The mountains are calling
and I must go.
JOHN MUIR (1838-1914)
Road Trippin’ © 2015 Karen Mathison Schmidt
12 x 16 x ¾ inches • oil on ¾" cradled Ampersand Museum Series GessobordTM
private collection • Chicago, Illinois
Warmer weather gets me thinking about road trips, like this one a couple of summers ago to a family reunion in Colorado. This is just as we were crossing the border from New Mexico into Colorado. Love that glorious, crisp summer light!
The palette I used for this one is the same as in Monday’s post, and here my work-in-progress photos:
1. On my reference photo (which I work from on my computer screen) I put grid lines to help me block in my subject in just the right position on my board.
2. The rough-in, using French ultramarine thinned with Gamsol. Along the sides you can see where I made little marks with my brush to indicate where the imaginary grid lines should be, and little cross marks in the middle to indicate where the lines would cross each other. Notice how I made perspective lines along the top and bottom of the fence posts; this is an easy way to get the height of each post just right.
In this stage I want to keep all the colors transparent, so I’m thinning with Gamsol for a watercolor effect. The way I do this is just dip the brush in my little container of thinner, then just barely in my paint, and wash it onto my board. Sometimes for large areas I’ll brush a good bit on and then spread it around lightly with a paper towel or clean paint rag. To get a darker color, like the ultramarine I use on those dark trees, I use just a little more paint. It doesn’t take much!
The sky and the farthest mountain in my photo have warm pink undertones, so I choose brilliant pink for those, and mixing in a little white for the sky because it’s a little lighter than the mountain. The white will tend to make my pink opaque, but thinning keeps it a transparent lighter pink.
You can see in the reference photo that the road is really four main strips of color. The far left (oncoming) lane is lightest, and sort of pinkish, the tire-worn areas of the right lane are a little darker, and purplish, and the center of the lane and the shoulder of the road are a little lighter, but not as light as that far left lane. I could have used pink instead of green there, but I wanted to make those a slightly cooler temperature than that far left lane.
The mountains have three main areas getting lighter as the ridges recede into the distance. The middle one has slight green undertones, I used Caribbean blue and turquoise there, and permanent mauve for that closest, most purple mountain.
Since I’ve been practicing working with a true impressionistic palette, I have been leaving off the black, so for the fence posts and those power poles, I make a tiny mixture of diox mauve, Caribbean blue, and a little orange and red to make a rich dark brown.
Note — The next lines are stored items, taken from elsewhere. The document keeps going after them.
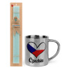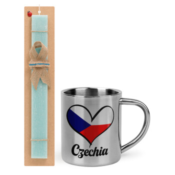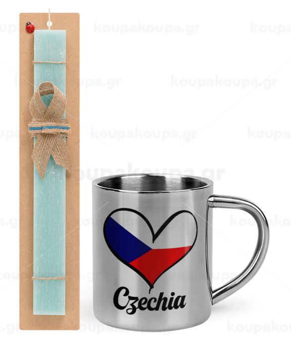 Czechia flag, Easter Set, metallic thermal cup (300ml) & aromatic flat Easter candle (30cm) (TURQUOISE)
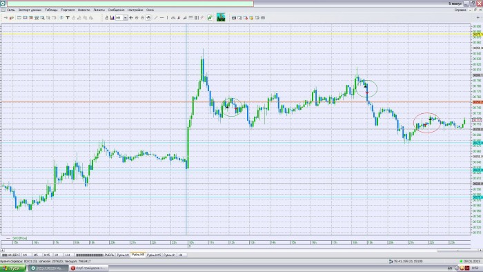 10.01.13 Результат: - 53 пунктов ; кол-во сделок: 7. Примечание: Не очень удачная получилась 6-ая сделка, вынесло на короткий стоп и пошла в нужную сторону, т.к. за новостями не слежу то даже не знаю что за новость дала такой импульс, хотя такое часто бывает и без фундаментала.
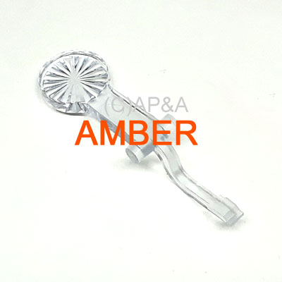 Amber round transparent target insert for modular standup target assemblies on some Sega and late-model Stern Pinball games. Target face measures 1 inch round.
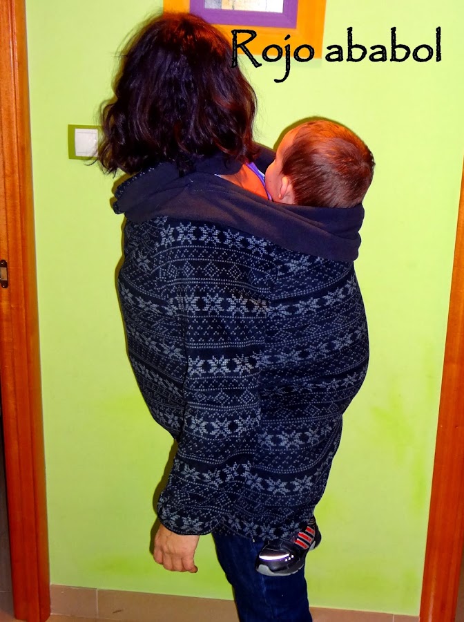 Tengo que deciros que me encanta mi abrigo, el patrón es muy bueno y la verdad que nos ofrece varias posibilidades, incluso la de no porteo. Yo ya lo hago a la espalda y además son dos añitos casi, por eso no puse la goma de la vaina trasera.
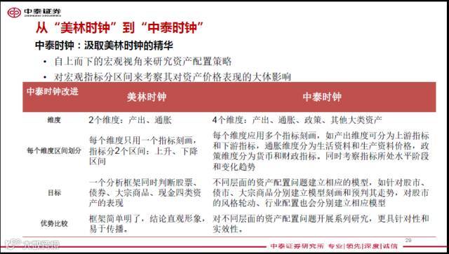 先介绍一下我们做资产配置研究的“中泰时钟”。大家都知道“美林时钟”,它是根据经济周期配置资产,经济周期的不同阶段配置不同的资产。例如,复苏阶段配股票,经济过热时配债券,滞胀配大宗商品,衰退配现金。有人戏称,美林时钟像电风扇,转得太快,以至于参照它配置资产时无所适从。
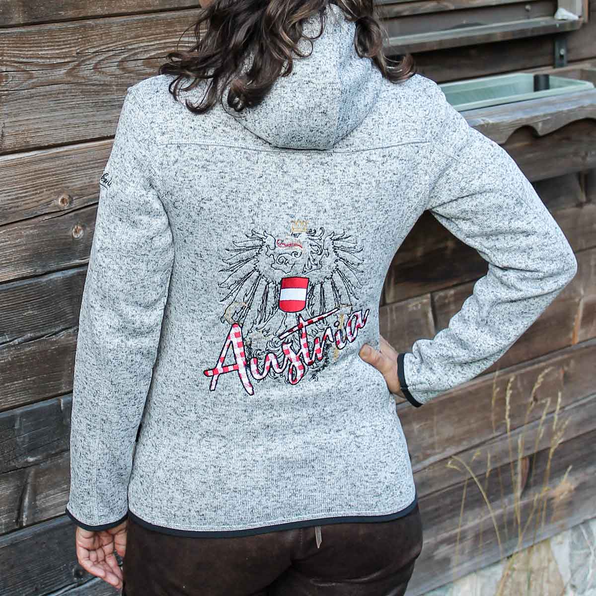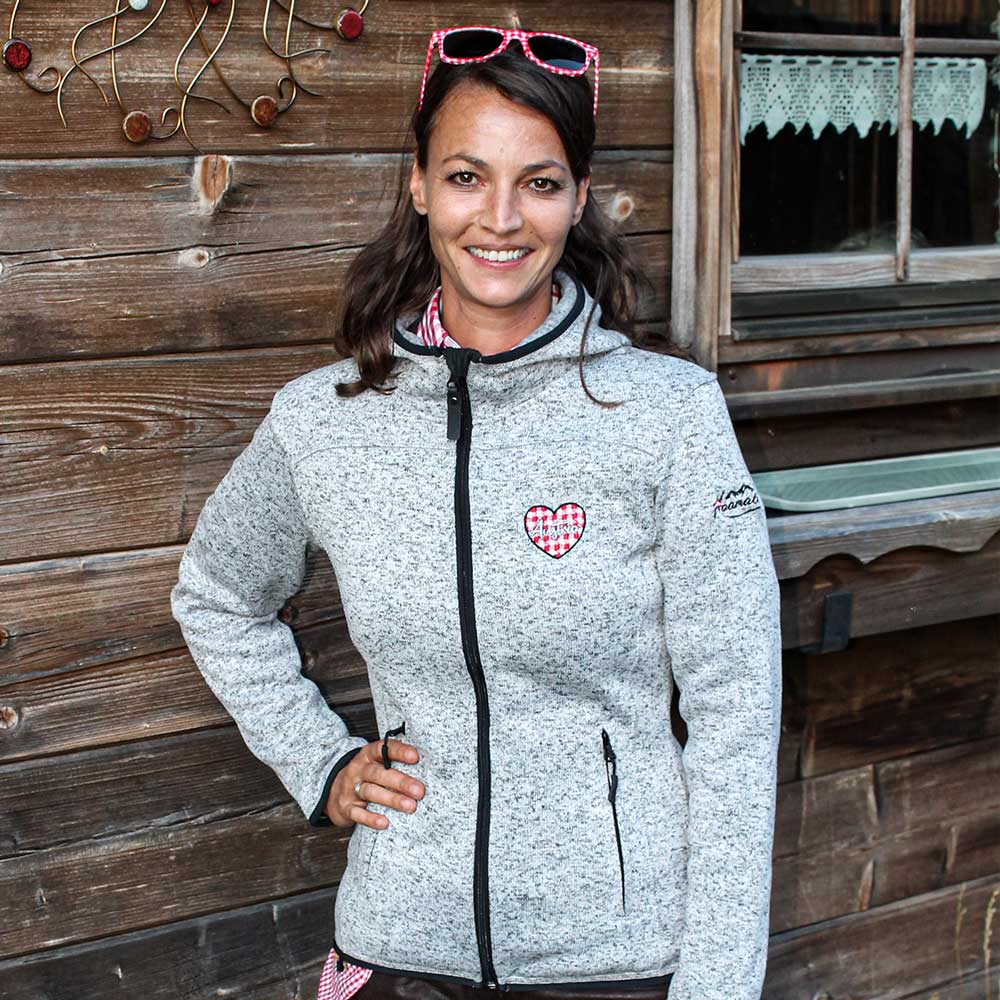 Tailliert geschnittene Strickfleece Jacke mit trachtigen Karo Stick Applikationen. Die weiche und wärmende Trachtenweste passt perfekt zur Tracht und ist ideal kombinierbar mit einer lässigen Trachtenbluse und Lederhose. Die karierte Strickfleece Jacke mit Kapuze wird in unserer hauseigenen Stickerei liebevoll veredelt und kann auf Wunsch personalisiert werden.
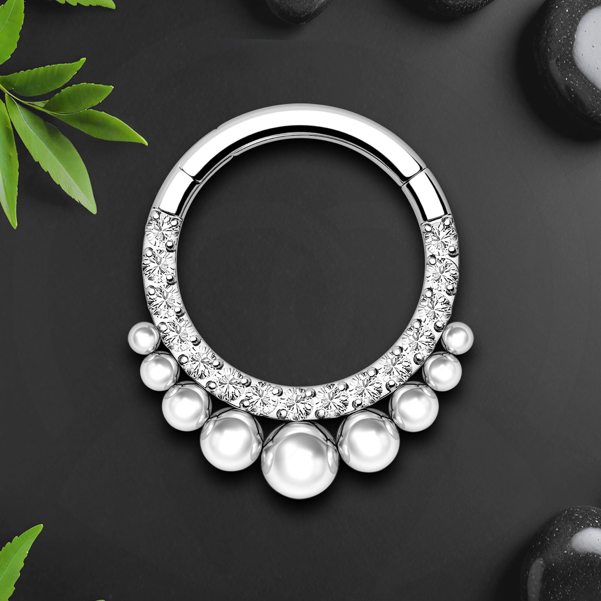 Premium materials like titanium, surgical steel, gold and platinum plating, Swarovski crystals, cubic zirconias, and natural opals.
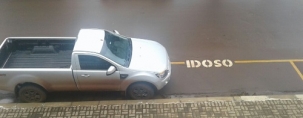 Na av. Irmãos Pereira, centro de Campo Mourão, camionete "invade" a área destinada a vagas preferenciais.

French ultramarine and diox mauve for the trees, and last but not least, yummy Cadmium red medium as the underpainting for the grassy areas, to make them really shimmery with summer light.
NOW, I stop to have my lunch and let this stage dry for about half an hour. It won’t be completely dry, but mostly.
Next I paint in the mountains. For all these areas I put on some generous strokes of white and then brush in my colors, mixing right on the painting instead of on my palette.
After this I work on painting the road. This to me is the most interesting part of the whole painting. I spent a good hour painting this part. Notice how I just left a block of blue where the car will be.
Oh, and I made the car red, just because. Artist’s prerogative.